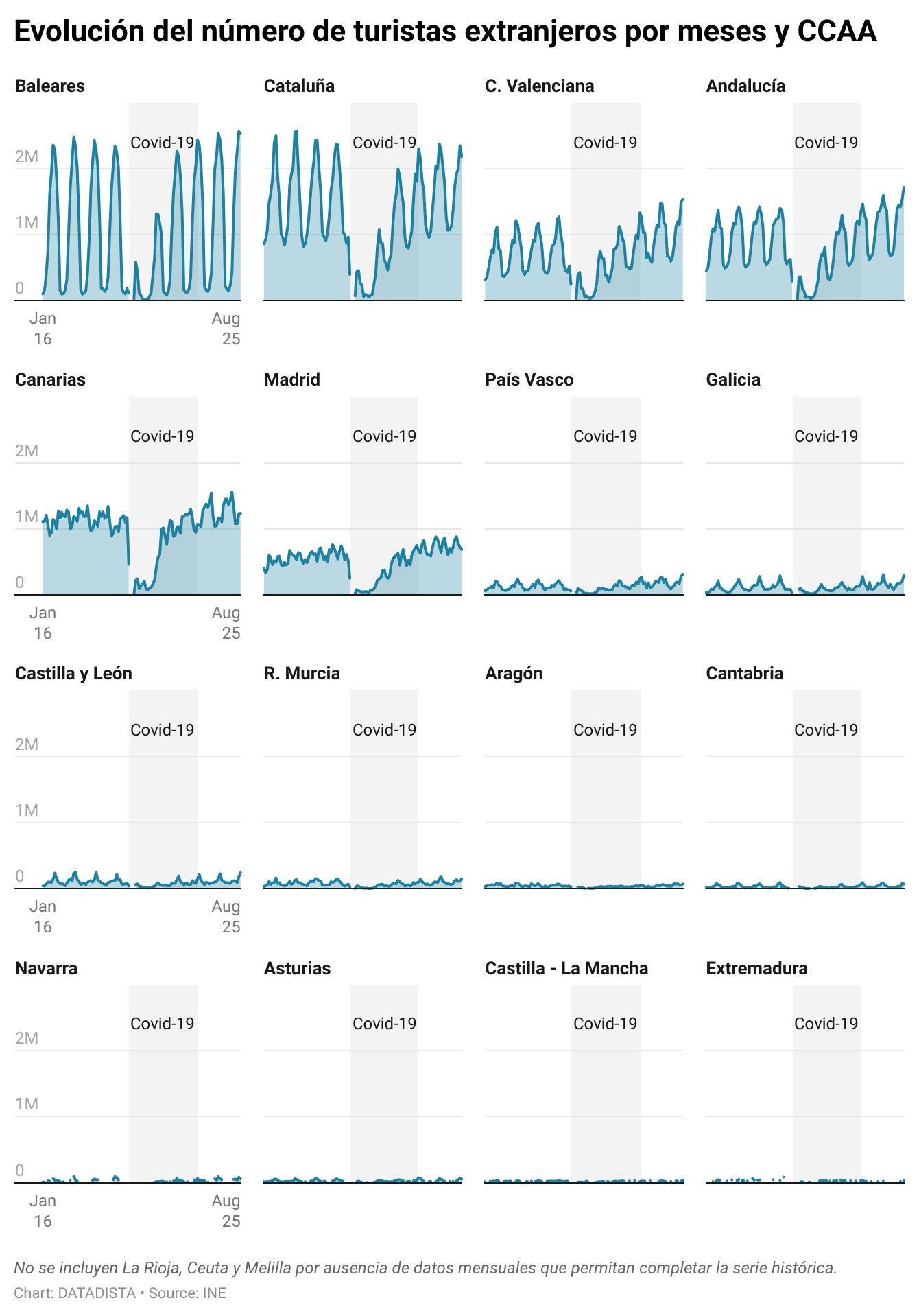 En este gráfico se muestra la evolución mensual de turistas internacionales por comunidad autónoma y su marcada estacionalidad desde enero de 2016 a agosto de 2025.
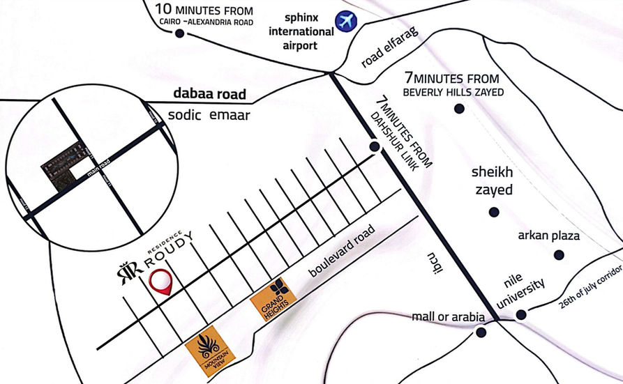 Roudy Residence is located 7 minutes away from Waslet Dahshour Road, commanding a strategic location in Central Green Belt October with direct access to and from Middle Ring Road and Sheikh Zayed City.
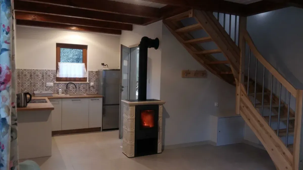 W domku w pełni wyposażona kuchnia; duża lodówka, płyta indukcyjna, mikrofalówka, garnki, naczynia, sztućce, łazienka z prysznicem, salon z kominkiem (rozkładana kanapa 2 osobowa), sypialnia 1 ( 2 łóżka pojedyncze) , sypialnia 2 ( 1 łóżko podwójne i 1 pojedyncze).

- Prompt: Word for word, restate all of the data, but do not copy the pictures.

- Answer to this exercise:
 En este gráfico se muestra la evolución mensual de turistas internacionales por comunidad autónoma y su marcada estacionalidad desde enero de 2016 a agosto de 2025.
 Roudy Residence is located 7 minutes away from Waslet Dahshour Road, commanding a strategic location in Central Green Belt October with direct access to and from Middle Ring Road and Sheikh Zayed City.
 W domku w pełni wyposażona kuchnia; duża lodówka, płyta indukcyjna, mikrofalówka, garnki, naczynia, sztućce, łazienka z prysznicem, salon z kominkiem (rozkładana kanapa 2 osobowa), sypialnia 1 ( 2 łóżka pojedyncze) , sypialnia 2 ( 1 łóżko podwójne i 1 pojedyncze).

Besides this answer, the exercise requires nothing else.